Westsoy Seitan...Wheat Protein Strips
"Chicken" Jalfrezi
“Chicken" Jalfrezi
Ingredients
- 4 teaspoons vegetable oil
- 1 large onion, finely chopped (I have an onion sensitivity, but can use onion powder without a reaction, so I use 1 tsp. onion powder instead.)
- 3 cloves garlic, minced
- 2 Tablespoons tomato paste
- 2 cans Rotel tomatoes (with chilies or jalapenos)
- 1 cup organic vegetable broth (or chicken broth, if desired)
- 2 teaspoons white vinegar
- 2 teaspoons ground turmeric
- 1 teaspoon ground cumin
- 1 teaspoon ground coriander
- 1 teaspoon chili powder
- 1 teaspoon garam masala
- 1 small red bell pepper, seeded, pith removed and chopped
- 1 8-oz. package Westsoy Seitan Strips*
- 1 15-oz. can organic chickpeas* (aka garbanzo beans), drained and rinsed
- 1 Tbsp. tamari
- Salt and pepper to taste
- 4 sprigs fresh cilantro, for garnish
*If you choose to use poultry, use 1 pound chopped cooked organic chicken
Directions
1. Heat the oil in a large skillet over medium heat, and cook and stir the onion and garlic until tender. Mix in the tomato paste, tomatoes and vinegar. Season with turmeric, cumin, coriander, chili powder, (onion powder, if using) and garam masala. Continue to cook and stir until blended and heated through, about 10 minutes.

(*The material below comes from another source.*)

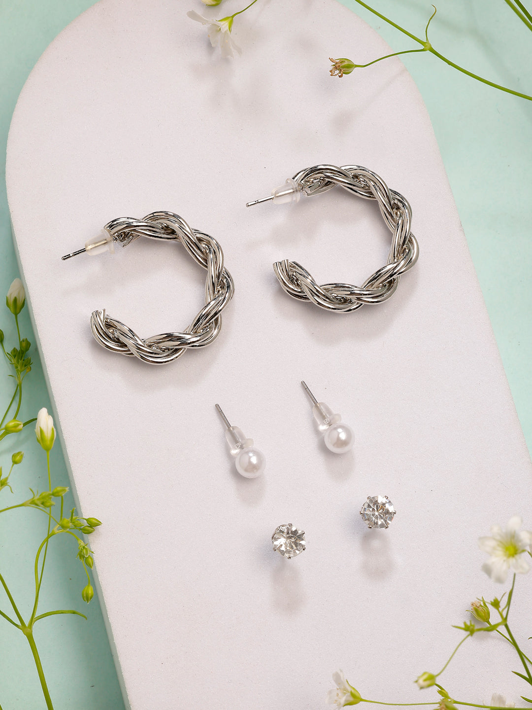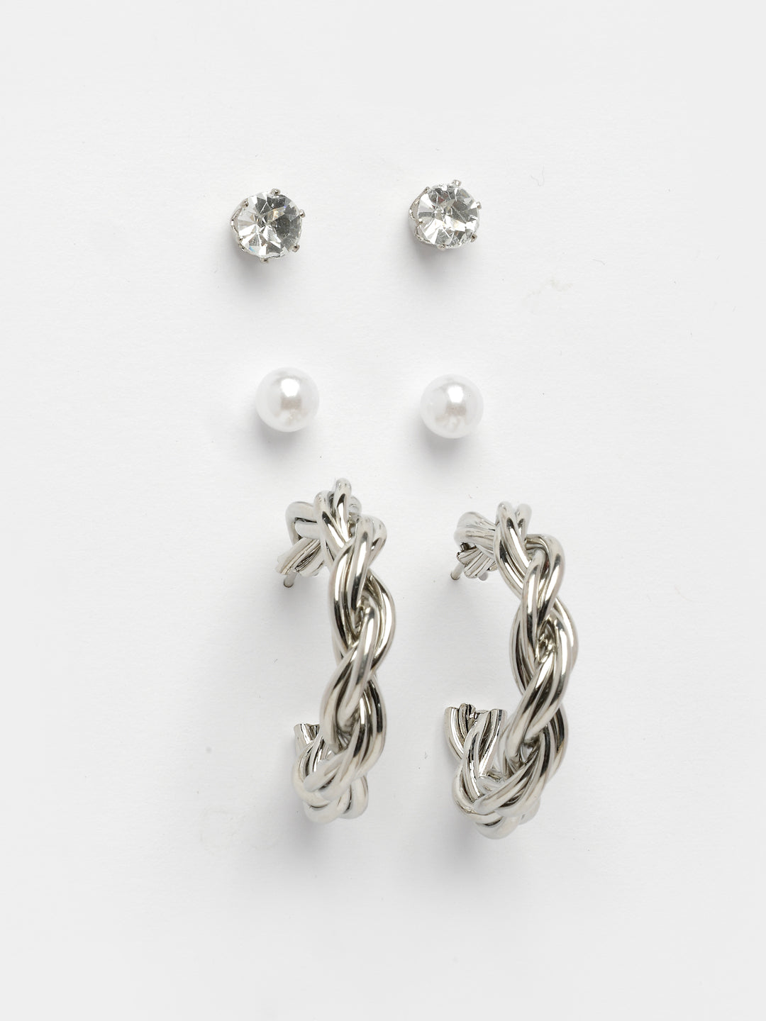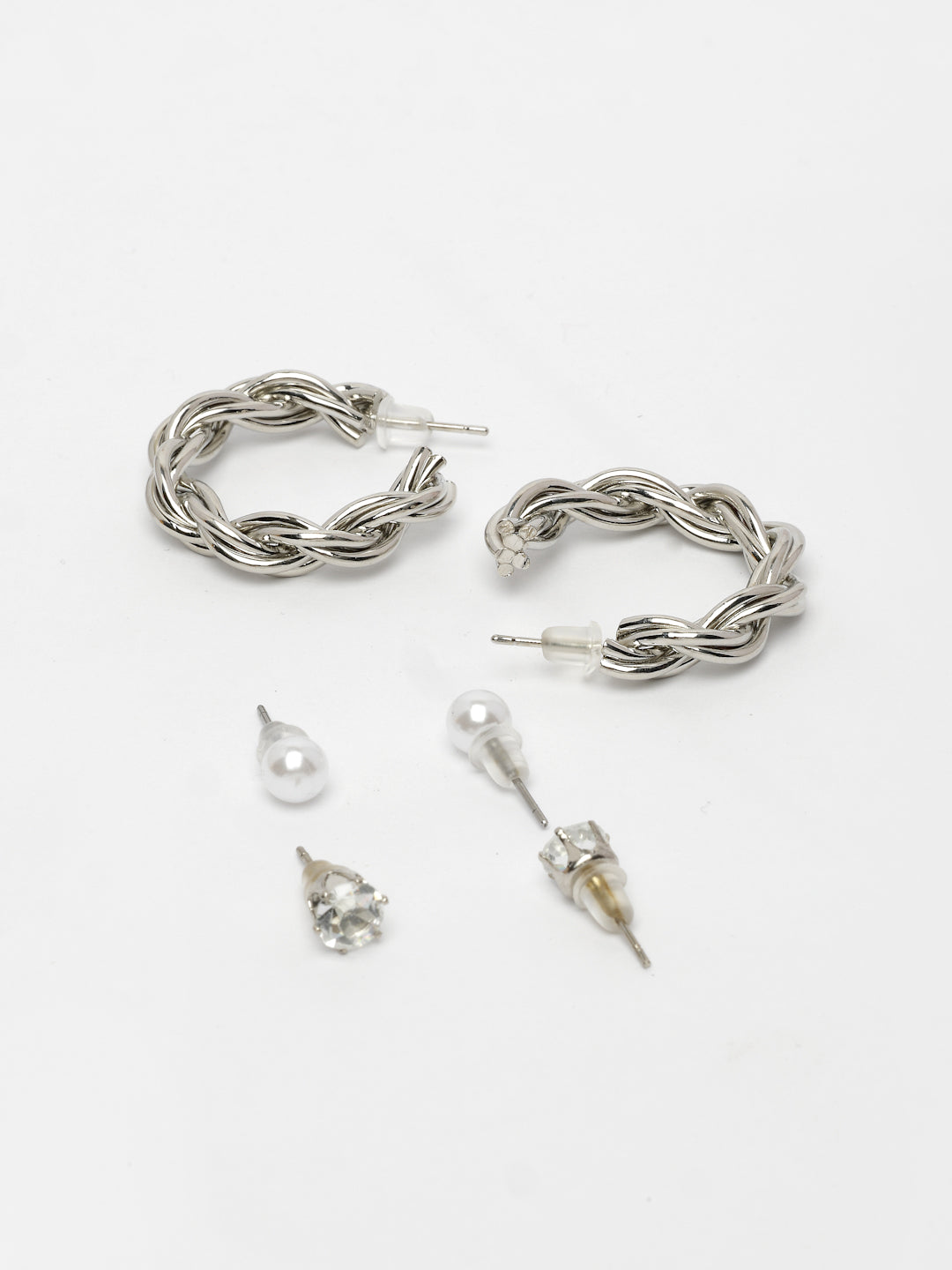 Style Note: Elevate Your Accessory Game With The Nvr Women'S Set Of 3 Silver-Plated Artificial Stones Half Hoop Earrings. Featuring A Sleek Silver-Plated Finish And Dazzling Artificial Stones, These Earrings Exude Contemporary Elegance. The Half-Hoop Design Adds A Modern Edge, Making Them Perfect For Both Casual Outings And Formal Occasions. This Versatile Set Lets You Switch Up Your Style Effortlessly, Whether You Prefer A Minimalist Look Or A Bold Statement. Lightweight And Comfortable, They Are Ideal For All-Day Wear. A Chic Addition To Any Jewelry Collection, These Earrings Blend Timeless Charm With Everyday Sophistication.

2. Mix the red bell pepper, seitan and chickpeas (or cooked chicken, if using) into the skillet. Reduce heat, and simmer 6 to 8 minutes, until chicken is heated through. Add tamari. Season with salt and pepper, if desired, to taste.** If you like your Jalfrezi with a little thinner sauce, just dilute with additional vegetable broth or water. Garnish with cilantro sprigs. Serve over rice.
**If you put this dish on Low in a slow cooker for 3 hours, the flavors "marry" well, plus you can make it ahead a bit; put cilantro on after cooking.